*** Opening Records ***

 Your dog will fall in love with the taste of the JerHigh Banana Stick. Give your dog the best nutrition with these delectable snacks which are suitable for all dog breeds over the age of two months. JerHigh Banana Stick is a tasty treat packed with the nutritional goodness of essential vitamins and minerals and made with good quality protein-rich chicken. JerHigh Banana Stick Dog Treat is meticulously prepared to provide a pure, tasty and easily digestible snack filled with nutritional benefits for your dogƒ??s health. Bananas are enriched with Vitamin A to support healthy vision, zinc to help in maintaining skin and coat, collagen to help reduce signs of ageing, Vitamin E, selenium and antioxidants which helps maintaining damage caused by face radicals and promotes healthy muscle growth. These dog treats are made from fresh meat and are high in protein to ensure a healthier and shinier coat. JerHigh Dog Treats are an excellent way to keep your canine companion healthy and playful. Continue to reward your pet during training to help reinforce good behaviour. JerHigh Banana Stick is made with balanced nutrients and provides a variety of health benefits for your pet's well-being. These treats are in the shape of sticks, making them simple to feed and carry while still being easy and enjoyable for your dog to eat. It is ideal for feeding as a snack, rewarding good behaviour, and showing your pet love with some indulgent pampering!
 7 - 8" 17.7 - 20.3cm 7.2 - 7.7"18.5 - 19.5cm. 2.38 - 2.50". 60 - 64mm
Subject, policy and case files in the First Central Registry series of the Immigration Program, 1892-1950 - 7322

*** Closing Records ***
*** Opening Records ***

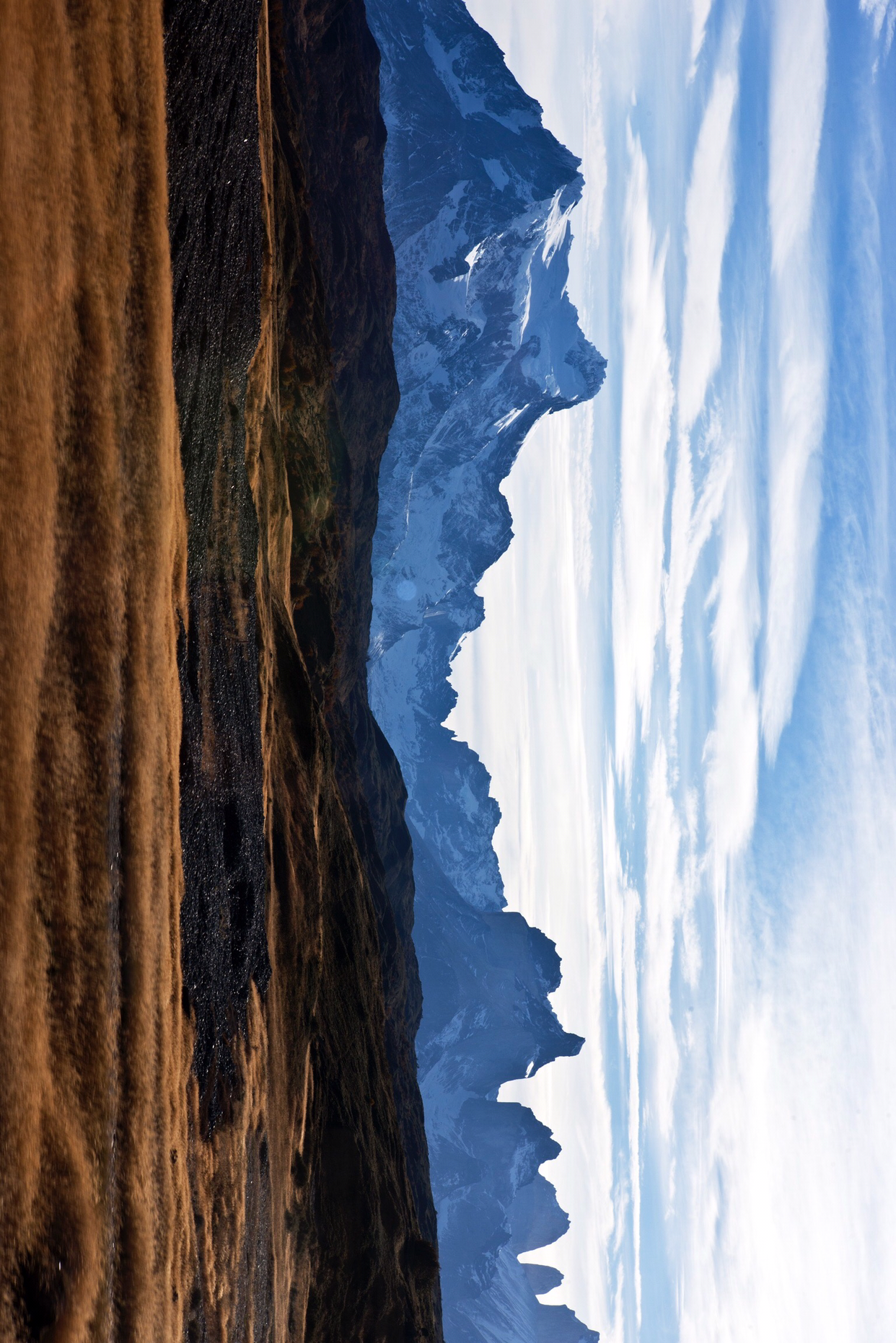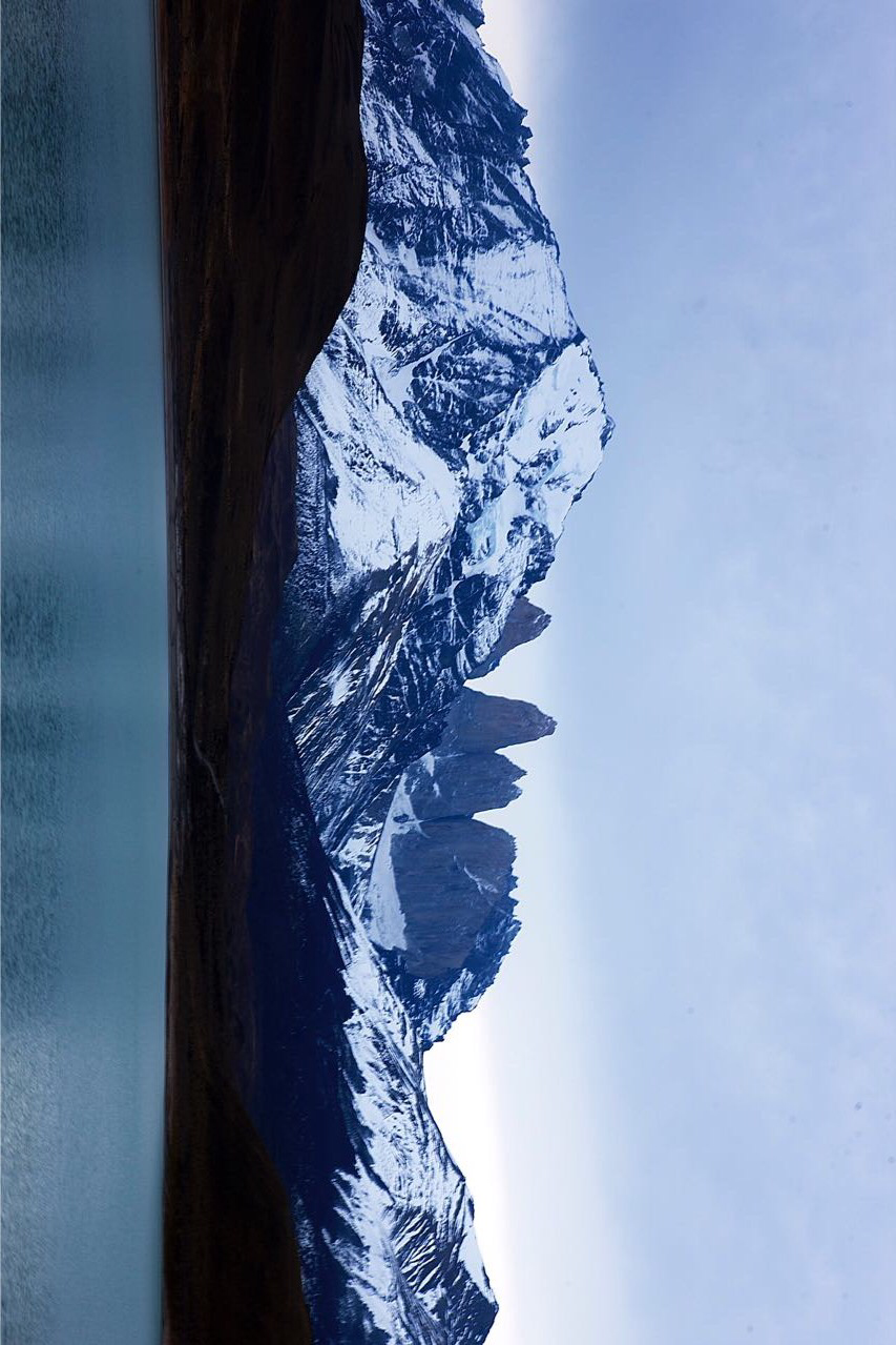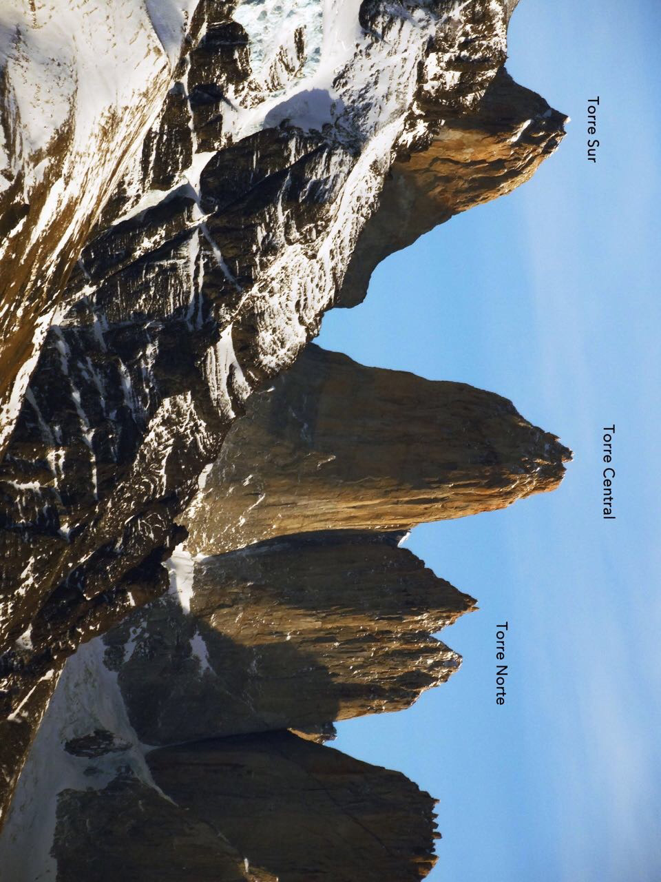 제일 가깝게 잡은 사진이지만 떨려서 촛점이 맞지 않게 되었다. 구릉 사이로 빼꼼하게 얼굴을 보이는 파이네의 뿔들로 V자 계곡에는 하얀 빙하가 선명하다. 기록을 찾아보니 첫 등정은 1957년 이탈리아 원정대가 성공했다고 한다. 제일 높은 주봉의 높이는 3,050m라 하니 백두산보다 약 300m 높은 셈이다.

*** Closing Records ***

Problem statement - Print exactly the lines above from the one with "Your dog will" to the one with "Subject, policy and", including both.

Exercise answer -
 Your dog will fall in love with the taste of the JerHigh Banana Stick. Give your dog the best nutrition with these delectable snacks which are suitable for all dog breeds over the age of two months. JerHigh Banana Stick is a tasty treat packed with the nutritional goodness of essential vitamins and minerals and made with good quality protein-rich chicken. JerHigh Banana Stick Dog Treat is meticulously prepared to provide a pure, tasty and easily digestible snack filled with nutritional benefits for your dogƒ??s health. Bananas are enriched with Vitamin A to support healthy vision, zinc to help in maintaining skin and coat, collagen to help reduce signs of ageing, Vitamin E, selenium and antioxidants which helps maintaining damage caused by face radicals and promotes healthy muscle growth. These dog treats are made from fresh meat and are high in protein to ensure a healthier and shinier coat. JerHigh Dog Treats are an excellent way to keep your canine companion healthy and playful. Continue to reward your pet during training to help reinforce good behaviour. JerHigh Banana Stick is made with balanced nutrients and provides a variety of health benefits for your pet's well-being. These treats are in the shape of sticks, making them simple to feed and carry while still being easy and enjoyable for your dog to eat. It is ideal for feeding as a snack, rewarding good behaviour, and showing your pet love with some indulgent pampering!
 7 - 8" 17.7 - 20.3cm 7.2 - 7.7"18.5 - 19.5cm. 2.38 - 2.50". 60 - 64mm
Subject, policy and case files in the First Central Registry series of the Immigration Program, 1892-1950 - 7322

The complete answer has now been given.